Underscoring ‘Accountable’ in Alexandria
0
Votes

Underscoring ‘Accountable’ in Alexandria

Budget process highlights local government management.

City Council and staff have met several times in past weeks to discuss government spending initiatives, many of which pertain to local government’s accountability and effectiveness.

City staff have categorized several explicitly under “accountable, effective and well-managed government,” one of four “focus areas” according to which City Manager Mark Jinks organized his FY 2020 budget proposal. Other initiatives fall under different focus areas, but directly relate.

Little time remains for citizens to weigh in on the city’s $761 million general fund operating budget and $1.6 billion 10-year capital improvement budget. Council members must submit additions and deletions to Jinks’ proposal on Thursday, April 11. A second and final budget public hearing will follow on Saturday, April 13. Council will adopt its final budget on Wednesday, May 1, ahead of the next fiscal year, which begins July 1.

An exchange between Council member Mohamed “Mo” Seifeldein and Jinks raised the question, which crops up periodically, about how the roles of elected officials and professional staff relate.

The budget envisions purchasing “only electric or hybrid gas/electric general purpose sedans” for the city’s fleet, which totals 458 vehicles. Staff plans to work out details and have a draft policy recommendation to Jinks this summer.

“Should we really be looking at hybrids at this point at all, as a policy?” asked Seifeldein, who believes fully electric vehicles are the future. Can council members “jump in before [the draft policy] gets to the manager …? Sometimes a lot of [staff] work has already been done … and then it comes before council for a yea or nay.”

“Traditionally, a decision like this doesn’t come to council. We decide, as staff, using professional expertise, what kind of vehicles to buy and how to buy them,” said Jinks. “We will [have a broader discussion] when we bring a policy to you. We’ve [first] got to draft it, we’ve got to kick it around.”

“Clearly, council can exert whatever authority we want,” said Mayor Justin Wilson. He thinks council should articulate a “high level” goal — in this case, to attain “the greenest possible fleet” — and instruct staff to “bring us back a series of options.”

The exchange echoes a high-profile 2017 budget advisory task force, which lamented that top-dollar capital projects often come to council with subjective but undocumented staff decisions baked in.

Staff next year will implement “a new project justification and development process,” said Morgan Routt, the city’s budget director. The process “will require all projects to meet specific criteria, including alternatives analysis and civic engagement, before advancing from concept to funding, design and construction.”

The planning and zoning department wants to add a new $103,000 “civic engagement outreach coordinator” to “to ensure that plans, policy changes, and development applications are meaningfully shaped by the communities they impact.”

Karl Moritz, the city’s planning director, envisions the process behind last year’s South Patrick Street Housing Affordability Strategy as “the new standard for how we do [community] outreach.” That approach involved “everything from going door-to-door to talk to people and handing out flyers to live-streaming the [community engagement] workshop.” But “all of that … is a work-intensive thing to do” requiring more dedicated manpower, he said.

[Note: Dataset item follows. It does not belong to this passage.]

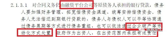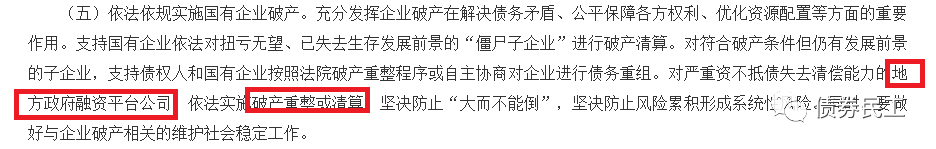 (2)對于企業(yè)債券的償債責(zé)任履行,鼓勵(lì)債務(wù)人(融資平臺(tái)公司)按照企業(yè)債券類債務(wù)有關(guān)管理政策進(jìn)行債務(wù)重組或者通過企業(yè)破產(chǎn)等市場化方式處置。這里的企業(yè)債券概念應(yīng)該是廣義上的信用債券概念,也是通過債務(wù)重組和破產(chǎn)方式進(jìn)行化解債務(wù)問題。

In the past, the city’s planning processes have mainly attracted “regulars,” “people who are familiar, people who have been involved before,” said Jinks. Whereas “in South Patrick Street, we got the largest participation by renters in that plan than we’ve really had in a planning [outreach initiative].”

City staff are working on making the city website more user-friendly and better searchable, according to Craig Fifer, the city’s communications and public information director. Jinks proposes creating a new $98,000 “web editor” position toward that end.

Jinks says the upgraded web interface will be more “aggressive” in pushing new content to users, akin to how a newspaper website continuously puts new stories front and center.

“People who visit our web site can learn a lot more about what’s going on in the city, even if they didn’t come to the site looking for that,” he said.

A new “Alex311” customer service system will replace the city’s current “Call.Click.Connect” online interface, beginning later this year. The new system will enable residents to communicate with city government by phone, text, app, online chat and social media. Necessary new software would cost $250,000, increasing to $500,000 in FY 2021. Net operating costs, including a few new supporting staff, would increase by $350,000.